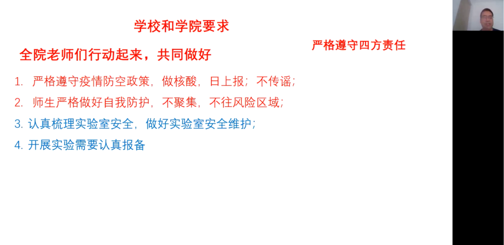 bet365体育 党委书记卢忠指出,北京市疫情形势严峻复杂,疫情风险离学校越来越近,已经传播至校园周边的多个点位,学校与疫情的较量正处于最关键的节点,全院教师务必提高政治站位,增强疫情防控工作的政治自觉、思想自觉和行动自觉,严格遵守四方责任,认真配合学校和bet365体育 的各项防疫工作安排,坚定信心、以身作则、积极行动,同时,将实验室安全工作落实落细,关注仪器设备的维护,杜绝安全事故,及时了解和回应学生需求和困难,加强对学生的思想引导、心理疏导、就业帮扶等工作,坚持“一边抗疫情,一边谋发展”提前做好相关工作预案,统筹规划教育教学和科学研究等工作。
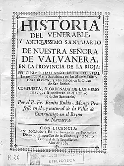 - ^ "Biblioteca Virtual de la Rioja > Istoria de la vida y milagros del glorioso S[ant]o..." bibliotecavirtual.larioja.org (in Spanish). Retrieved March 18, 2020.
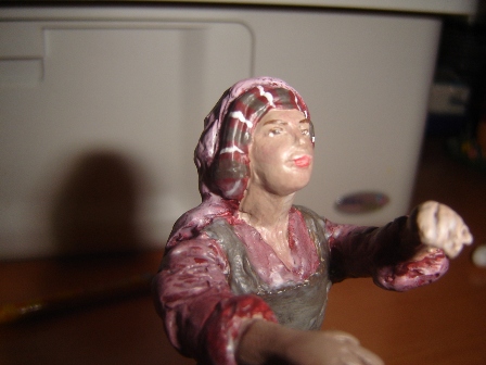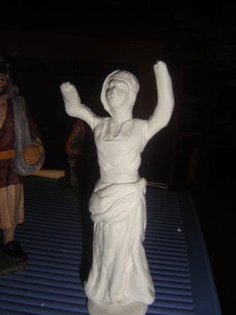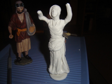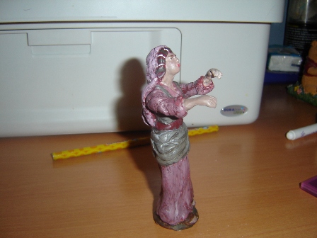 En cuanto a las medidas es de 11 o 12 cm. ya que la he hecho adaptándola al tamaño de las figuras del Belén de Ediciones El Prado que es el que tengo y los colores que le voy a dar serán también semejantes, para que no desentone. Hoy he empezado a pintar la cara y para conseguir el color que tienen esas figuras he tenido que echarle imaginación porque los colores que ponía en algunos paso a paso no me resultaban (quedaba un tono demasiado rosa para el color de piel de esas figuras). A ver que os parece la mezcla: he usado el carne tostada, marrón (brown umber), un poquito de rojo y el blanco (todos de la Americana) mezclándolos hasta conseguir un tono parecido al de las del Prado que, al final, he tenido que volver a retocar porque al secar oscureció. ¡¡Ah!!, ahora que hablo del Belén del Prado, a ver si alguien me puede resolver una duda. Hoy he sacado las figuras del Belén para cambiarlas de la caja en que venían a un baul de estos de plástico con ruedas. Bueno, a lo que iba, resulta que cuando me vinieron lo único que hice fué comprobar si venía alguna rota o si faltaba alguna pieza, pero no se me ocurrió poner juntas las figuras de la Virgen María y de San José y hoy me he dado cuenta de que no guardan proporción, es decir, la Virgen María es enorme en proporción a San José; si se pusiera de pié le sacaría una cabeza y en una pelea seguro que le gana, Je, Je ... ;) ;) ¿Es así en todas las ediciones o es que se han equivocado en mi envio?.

...

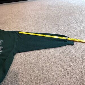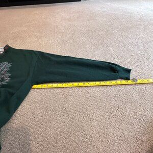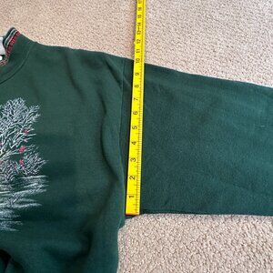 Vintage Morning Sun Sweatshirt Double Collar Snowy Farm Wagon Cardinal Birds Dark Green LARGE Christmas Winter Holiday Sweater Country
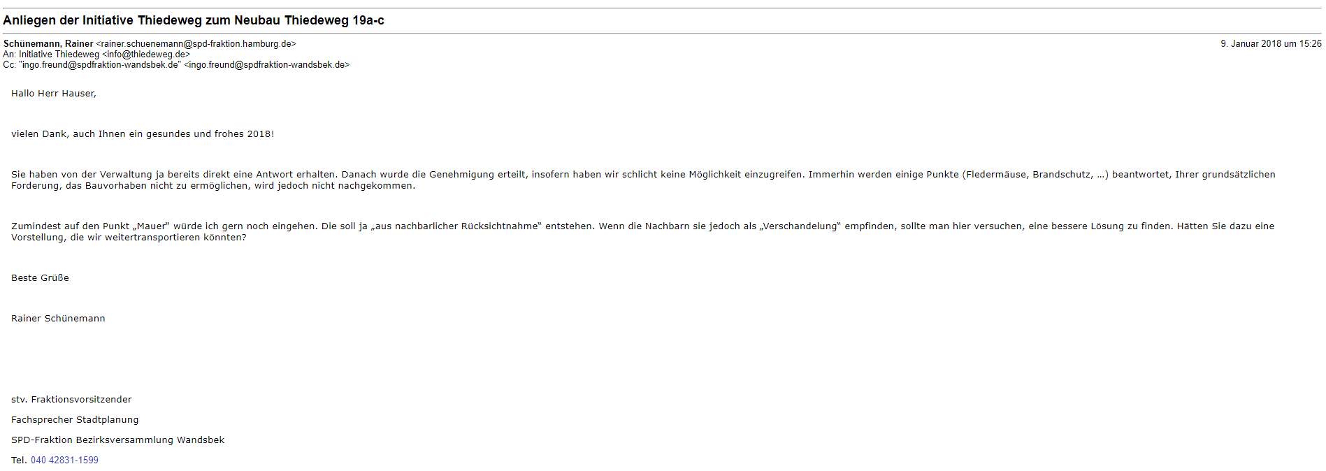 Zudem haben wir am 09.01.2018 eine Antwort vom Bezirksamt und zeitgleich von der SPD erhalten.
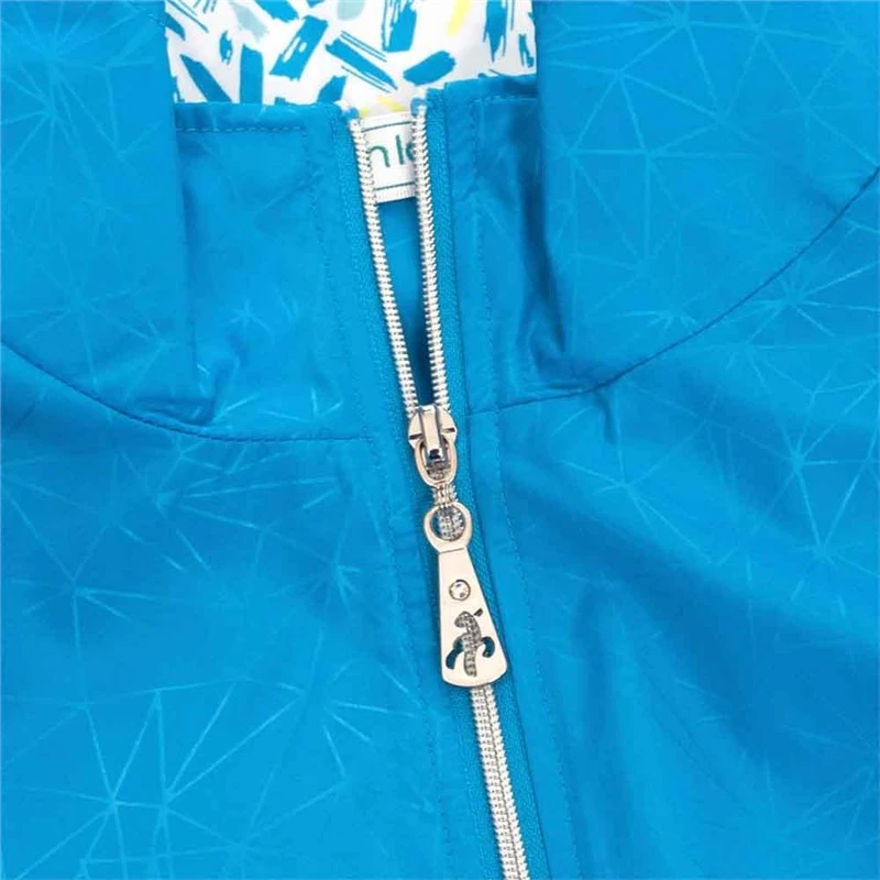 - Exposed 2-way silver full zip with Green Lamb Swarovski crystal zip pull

What to do: Of the records above, print only the lines from the one containing "Zudem haben wir" through the one containing "- Exposed 2-way", inclusive and unaltered, leaving out pictures.

Exercise response:
 Zudem haben wir am 09.01.2018 eine Antwort vom Bezirksamt und zeitgleich von der SPD erhalten.
 - Exposed 2-way silver full zip with Green Lamb Swarovski crystal zip pull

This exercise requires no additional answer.